Годвин прикрыл глаза рукой.
— Да, — с жаром сказал он. — Я знаю, что это отчаянный риск, но ставки в этой игре высоки! Я верю в себя. Под моим началом находятся четыре сотни храбрых и знающих офицеров, мужей, которые для меня суть то же, чем железнобокие были для Кромвеля, но у меня нет никого… — Он протянул руку, тонкую и белую, как у женщины, и положил ее на смуглую руку Лэндлесса, лежащую на столе. — У меня нет никого на этой плантации, кому я мог бы безоговорочно доверять. Здесь мало тех, кто сражался на стороне Республики, и все они такие же, как Уингрейс Порринджер, в котором религиозное рвение полностью вытеснило благоразумие и осторожность. Мой мальчик, мне нужен помощник. Я был с тобою откровенен, я открыл тебе свое сердце, и знаешь, почему? Потому что я, будучи дворянином, вижу в тебе такого же благородного дворянина, потому что твоему слову я поверю скорее, нежели всем клятвам кабальных работников, потому что у тебя есть и храбрость, и ум, потому что — словом, потому, что я мог бы любить тебя так же, как когда-то любил твоего отца. Ты пал жертвой великих несправедливостей, и мы вместе исправим их. Будь моим помощником, моим заместителем, моим конфидентом! Вложи свою руку в мою и скажи: "Я с тобой, Роберт Годвин, телом и душой!"
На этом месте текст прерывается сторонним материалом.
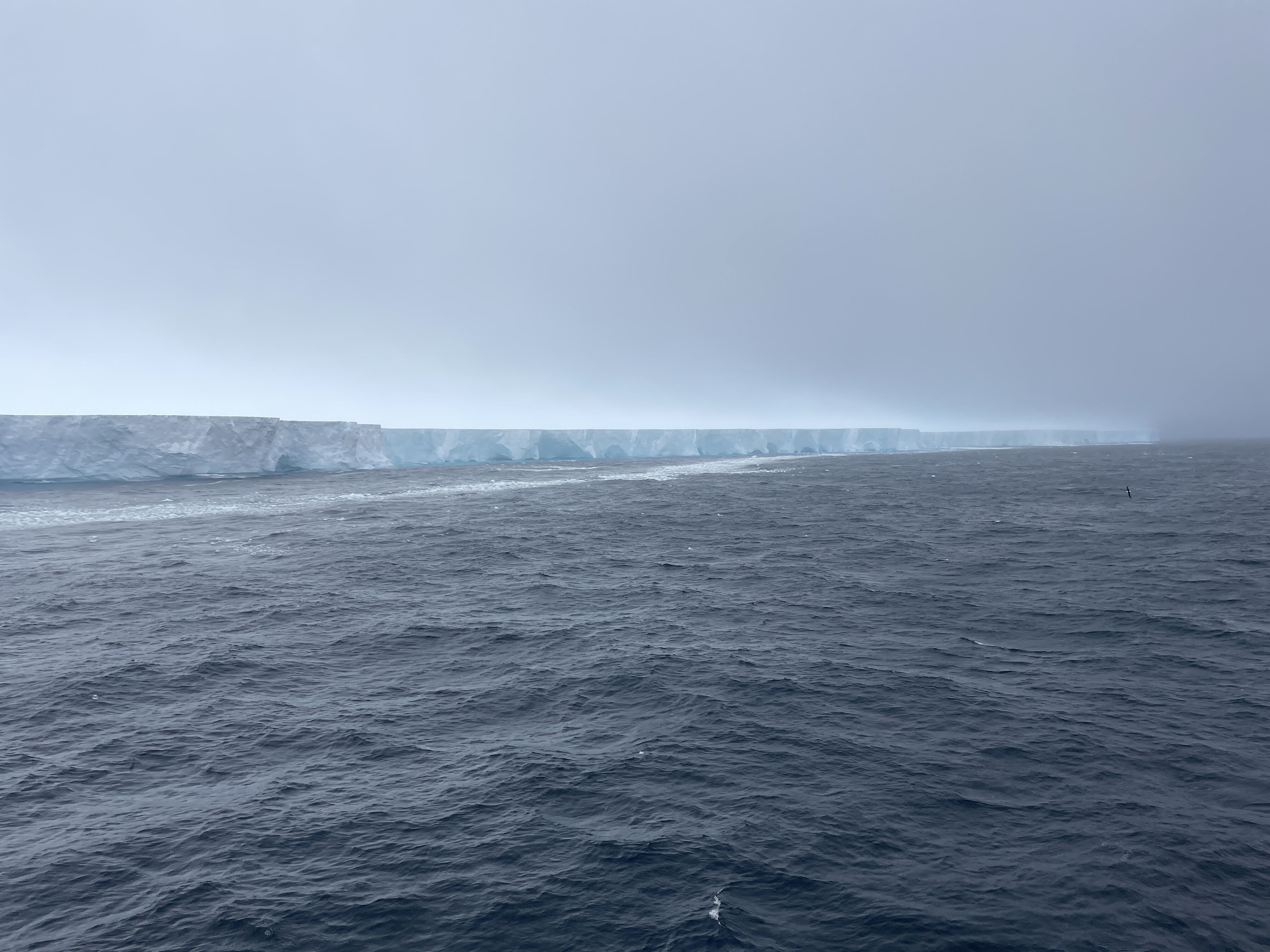 We woke up this morning next to the largest iceberg that currently exists on the planet, A23a. It was a foggy morning, but as we approached the large tabular iceberg, the microclimate of this massive piece of ice lifted the fog enough for us to see the ice edge that kept going as far as the eye could see. This was the most momentous event of our day as we headed toward the South Orkney Islands, and the fog moved in and stuck around the ship for the rest of the day.

— Сказать это было бы легко, — хрипло промолвил Лэндлесс, — ибо за те два года, что я гнил в тюрьме, за все те недели омерзительного рабства, которые я провел в Виргинии, один только вы посмотрели на меня по-доброму, один только вы сказали, что верите мне… Но то, что вы замышляете, чревато страшными бедами. Если все выйдет так, как ожидаете вы — что ж, хорошо, но, если нет, то в Виргинии воцарится ад. Мне надобно время, чтобы подумать, чтобы все взвесить, чтобы решить…
Дверь бесшумно приотворилась внутрь, и в щели показалась бледная мертвенная физиономия мастера Уингрейса Порринджера с огромной красной буквой на щеке.
— По речушке плывут три лодки, — сообщил он. — Две идут со стороны протоки и одна — со стороны материка.
Годвин кивнул.
— Нынче ночью у меня назначена встреча с нашими людьми с этой и двух соседних плантаций. Ты останешься здесь и увидишь и выслушаешь их. Но ничего не говори, молчи, ибо они не должны знать, что ты еще не полностью отдался нашему делу, хотя я уверен, что ты присоединишься к нам.
— Они кромвелианцы?
— Да, все, кроме двух или трех.
— Я заручился поддержкой того мулата, — перебил Годвина магглтонианин.
— Хорошо, — ответил Годвин. — Я рассудил, что будет правильно пригласить сюда нынче одного представителя рабов. Эти мулаты — сущие дьяволы, но они умеют составлять заговоры и держать язык за зубами. Однако я не стал бы особенно доверять ни ему самому, ни таким, как он.
Раздался особый стук в дверь — те же четыре удара — и Порринджер спросил: "Кто там?" — Снаружи послышался ответ: "Меч Господа и Гидеона". Дверь распахнулась, и в хижину вошли двое мужчин с мрачными и решительными лицами. У обоих были волосы с проседью, и у одного на лбу была выжжена та же самая буква, что и на щеке магглтонианина. Опять послышался особый стук в дверь и последовал тот же отзыв, дверь отворилась снова, впустив юношу с бледным аскетическим лицом, горящими глазами и двумя красными пятнами на щеках, который заметно сутулился и то и дело кашлял. За ним вошел еще один угрюмый кромвелианец, затем последовали двое широколицых крестьян и самодовольного вида малый, похожий на мелкого лавочника. Некоторое время спустя к ним присоединились еще двое кромвелианцев, суровых и невозмутимых.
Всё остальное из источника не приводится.